F. Scott Fitzgerald got it wrong: not only are there second acts in American lives, some of them are quite extraordinary. In jazz, one of the best examples is Clark Terry. Terry would have made it into the jazz history books as one of the few musicians to play with both Count Basie and Duke Ellington, his pioneering role as the first African-American studio musician at NBC, and for his unique sound on trumpet and flugelhorn (which, as one commentator put it, has no trace of metal). Yet he has made an even greater impact in his second act, as a mentor and teacher to thousands of jazz students. His first students included Quincy Jones and Miles Davis (both while they were still in school), but it would be hard to find any jazz musician who has not been touched by Clark Terry. A new documentary, “Keep On Keepin’ On”, features Terry as both musician and educator as he helps the young pianist Justin Kauflin discover his own voice.
Early in the film, Terry tells Kauflin that “challenges are a part of life” and both men have plenty of challenges to overcome. Terry is in his 90s, and the diabetes he has had since the 1950s is taking its toll on his health. The blood circulation to his legs is dangerously low, and he’s losing his sight. Kauflin, 26, started playing the piano after losing his sight in the sixth grade. A quick learner, Kauflin developed both the ability and the determination to succeed as a jazz musician. What he needs is a big break to separate him from the competition. At the beginning of the film, that big break is still elusive. He lives in New York City, but he has trouble finding enough gigs to pay the rent. His blindness prevents him from getting a day job, so he moves back to his parents’ home in Virginia Beach, Virginia. But one remaining connection makes an important difference. In the late 90s, Kauflin had been one of Terry’s students at William Paterson University. The two men had maintained a student/teacher relationship since then, even after Kauflin had moved back home and Terry had relocated to his wife’s hometown of Pine Bluff, Arkansas. Terry’s declining health limited his travel to between home and the hospital, so Kauflin traveled to Pine Bluff on a regular basis. Most of the time, they met at Terry’s home for extended lessons, but as Terry’s condition worsened, Kauflin visited Terry in the hospital, sometimes playing a portable keyboard, and other times just offering Terry friendly conversation or a hand to hold.

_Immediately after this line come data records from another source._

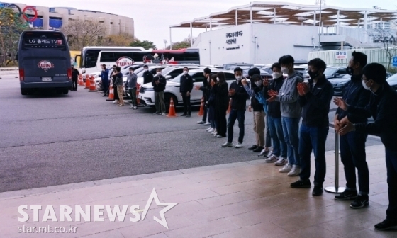 창원으로 개막전을 치르러 가는 선수단 버스를 향해 대표이사를 비롯한 LG 트윈스 프런트 전 직원이 손을 흔들며 배웅했다. 올 시즌 LG 트윈스의 각오와 선수단을 향한 프런트의 정을 느낄 수 있는 장면이었다.
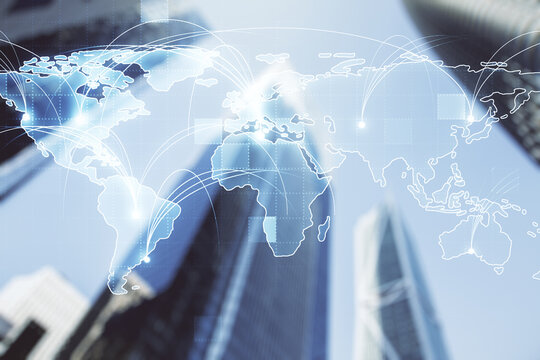 Double exposure of abstract digital world map hologram with connections on blurry cityscape background, big data and blockchain concept
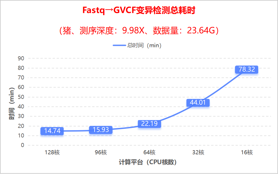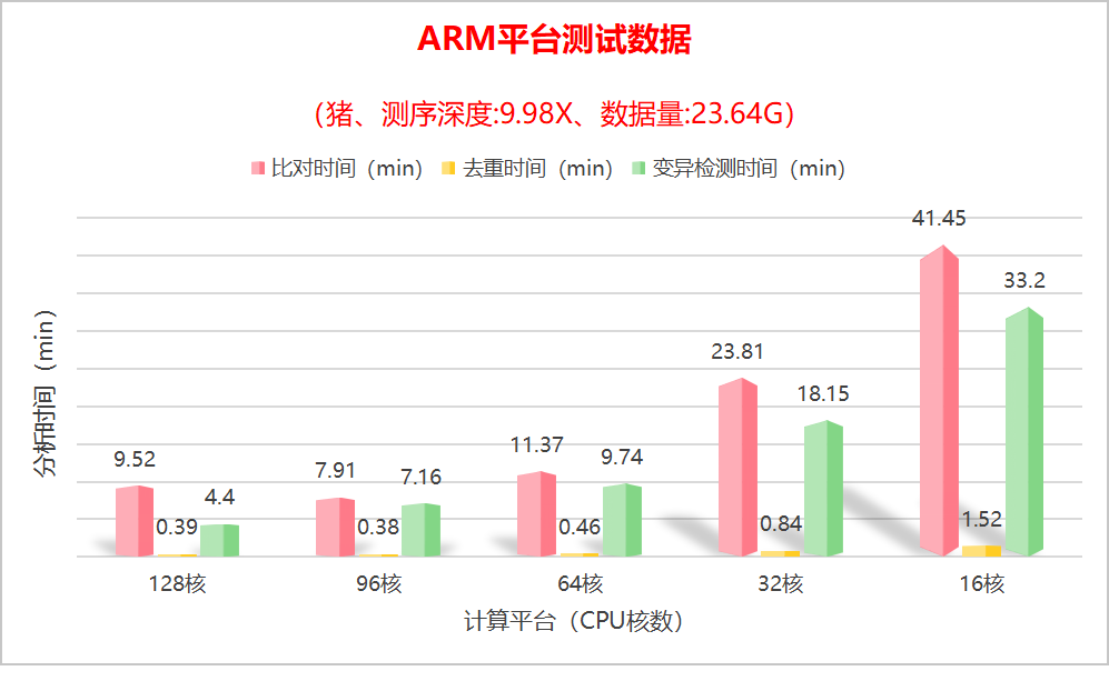 ### Ⅰ、测试物种信息 **1. 测试物种**:猪(Sus scrofa) **2. 物种倍性**:二倍体 **3. 测试数据**:自有数据 **4. 测序平台**:/ **5. Raw_Reads**:157609730 **6.Raw_Bases**:23.64G **7.测序深度**:9.98X **8.参考基因组**:Sus_scrofa.Sscrofa11.1.dna.toplevel.fa **9.参考基因组大小**:2.37G **10.测试流程**:从Fastq到VCF全分析流程 ### Ⅱ、测试环境 **1. 测试平台**:Ampere 2U机架式服务器(工程验证机) **2. CPU型号**:单颗ApereOne A192-32X(ARM架构、192个内核、基准主频3.2GHz) **3. 内存配置**:512GB **4. 系统环境**:Ubuntu 24.04 **5. 测试方案**:为了确保测试结果的准确性和可比性,我们将采用相同的测序数据及参考基因组,并在同一测试环境下,通过调整不同CPU核心数量(16核、32核、64核、96核、128核)来执行分析任务,记录各分析环节所需时间; ### Ⅲ、测试结论(分项时间)  ### Ⅳ、测试结论(总耗时)  ### Ⅴ、测试分析流程步骤 http://doc.insvast.com/doc/21/ ### Ⅵ、联系我们  官网:www.chsnp.com 邮箱:info@chsnp.com 电话:020-22076772 地址:广州市番禺区南村镇汇智二路236号华新汇1座2803单元
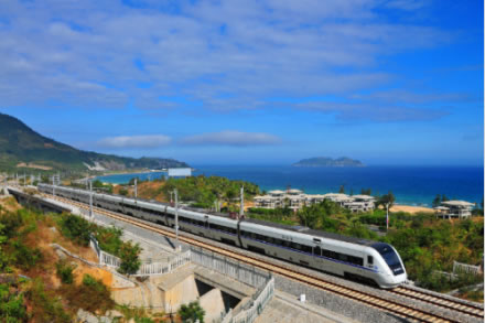 環(huán)島鐵路:海南環(huán)島鐵路由海南東環(huán)鐵路和海南西環(huán)鐵路組成,連接?谥寥齺,東環(huán)308千米,西環(huán)345千米,主要運(yùn)行動車組,是全球首條環(huán)島高鐵。它的建成,將有利于優(yōu)化產(chǎn)業(yè)布局,帶動縣域經(jīng)濟(jì)協(xié)調(diào)發(fā)展;高鐵牽引動力為電力,沒有廢氣排放,能源消費(fèi)量低,對海南建設(shè)生態(tài)省和節(jié)約型社會將發(fā)揮積極作用;大大完善海南旅游基礎(chǔ)設(shè)施,滿足海南國際旅游島不斷增長的運(yùn)輸需求,為海南建成世界級海島休閑度假旅游勝地提供有力支撐。

Director Alan Hicks was a classmate of Kauflin’s at Paterson, and the two students played together in Terry’s school combo. “Keep On” is his first film, and he displays exceptional skill as a storyteller. Part of the joy of this film is watching the story unfold, so I will restrain from revealing the plot, even at the expense of expressing precisely why I admire this film. However, I advise you to pay special attention to the sequence on Kauflin’s performance in the semi-finals of the Thelonious Monk Institute’s piano competition. Hicks builds up the tension as Terry offers his long-distance support (and a personal memento), and Kauflin tries to manage his stage fright as he prepares for the biggest concert of his life. The final two scenes of this sequence—and you’ll recognize them when you see them—are simply unforgettable because Hicks seems to be following an established convention, but is actually leading us down a different path. It is stunning filmmaking, and in retrospect, most appropriate for a documentary about jazz.

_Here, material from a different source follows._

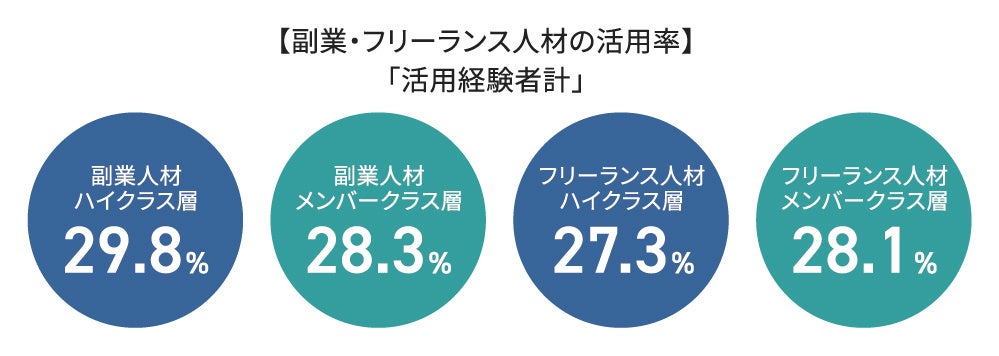 調査の結果、副業・フリーランス人材を活用したことがある企業は3割未満と、限定的であることがわかりました。一方で、活用中の企業のうち約8割が「満足」と回答しており、一定の成果を上げていることも事実です。特に、「業務プロセスの改善・効率化」(23.5ポイント)や「新規事業創出・推進」(22.1ポイント)、「経営・経営企画」(21.3ポイント)などの企業運営の根幹を担う業務において、ハイクラス層の副業・フリーランス人材の活用が多く見られました。
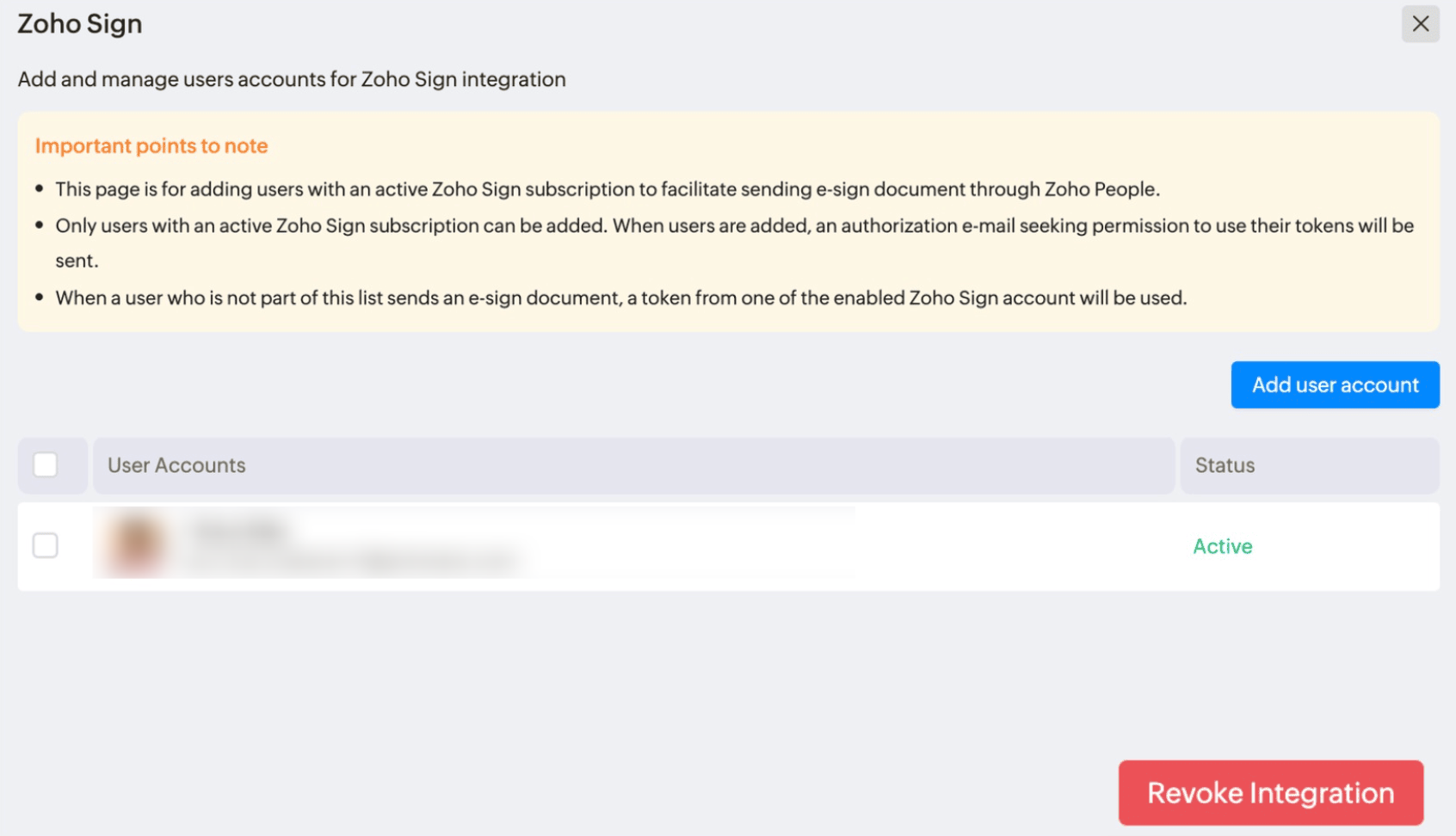 5. Ensure that the user listed in the Zoho Sign have Zoho Sign access.

Near the end of the film, Terry has to go to the hospital for major surgery. He confesses to his wife Gwen that he is scared that he won’t survive the operation. Yet he’s less concerned about his own life as he is about his students: There’s a whole lot of people I’d love to help, but I can’t stay here long enough to do it. Thankfully, Terry does survive and he provides Kauflin his golden opportunity by simply letting him play for some of his illustrious friends, including Jones and vocalist Dianne Reeves. Needless to say, Kauflin rises to the occasion (Judging by information in the film’s epilogue, we may be hearing a lot more of Kauflin in the months to come).
In the period since this article was written, it has since appeared on DVD. It is a film that must be seen by all jazz fans, and it could easily bring the music to a greater audience. But I hope that it also inspires jazz musicians to offer guidance to younger players. In the past few years, we’ve lost several of jazz’s best mentors, including Betty Carter, Billy Taylor, and since the release of this film, Clark Terry.
As Jones so eloquently states in “Keep On Keepin’ On”, The most important thing you can give to a young musician is someone who believes in them. It makes you believe in yourself. Well put, Q; well put.